As they emerged from the hospital to the taxi, Mary heard Bill’s sharp intake of breath and his hand went involuntarily to his face to shield his eyes from the bright winter sunshine. Mary waited until they were both strapped in and the taxi was moving before she extracted a pair of dark glasses from her handbag and handed them to Bill.
‘Here, put these on, then the sun won’t hurt your eyes.’
He took them from her and began fumbling to take off his normal glasses.
‘It might stop them hurting but I won’t be able to see a thing, not even with my good eye, without my glasses.’
‘Keep your glasses on. These are supposed to go over them. Try.’

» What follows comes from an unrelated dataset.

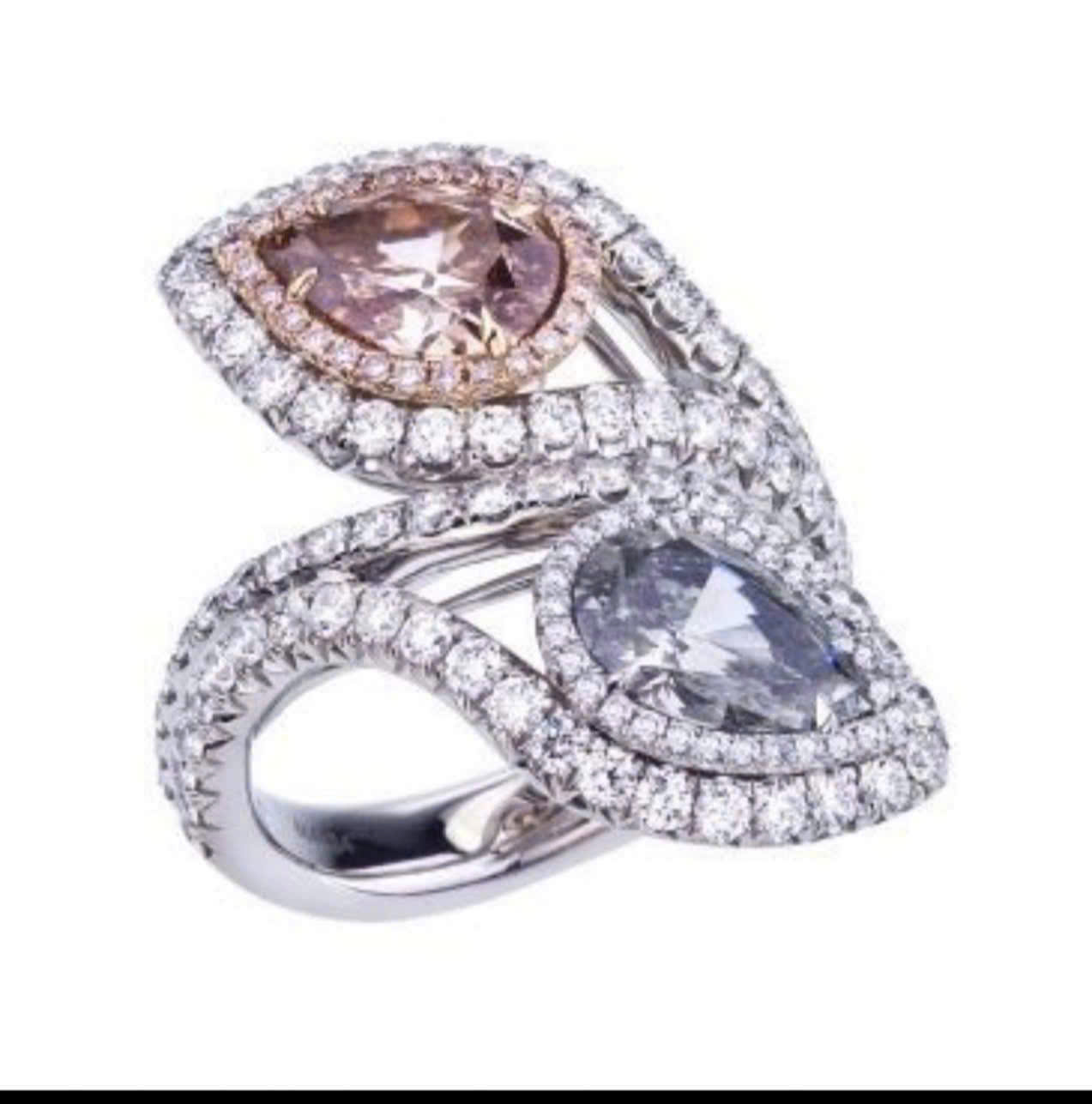 - Dòng sản phẩm: Nhẫn Đôi Đá Quý (Toi et Moi/Two-Stone Ring) cách điệu hoặc Nhẫn Cocktail (Cocktail Ring). Thiết kế này đặc biệt tập trung vào việc tạo ra khối lượng lớn, sự lấp lánh và đường nét uốn lượn mềm mại.

Bill did as she instructed. ‘That’s better!’ he exclaimed when he had fixed them into place. ‘You’ve no idea how that sun hurt my eyes.’

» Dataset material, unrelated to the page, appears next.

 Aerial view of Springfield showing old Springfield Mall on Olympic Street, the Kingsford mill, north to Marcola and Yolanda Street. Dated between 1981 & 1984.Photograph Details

‘No, but I know how it used to affect Sam. That’s why I brought those dark glasses along with me.’
Mary saw Bill home and, for the very first time, went into his house with him.
‘You go and sit in your most comfortable chair and I’ll make you a drink,’ she offered.
He didn’t argue. She went into his kitchen, surprised at how Spartan it was and how tidy it was. Everything seemed to be in its allotted place. She filled the kettle and switched it on and while it was boiling she reached down for three cups: one each for them for their tea and one to make soup in before she left. She had brought a packet of soup with her and she felt that would sustain him and even help him to sleep for an hour or so, after she went home.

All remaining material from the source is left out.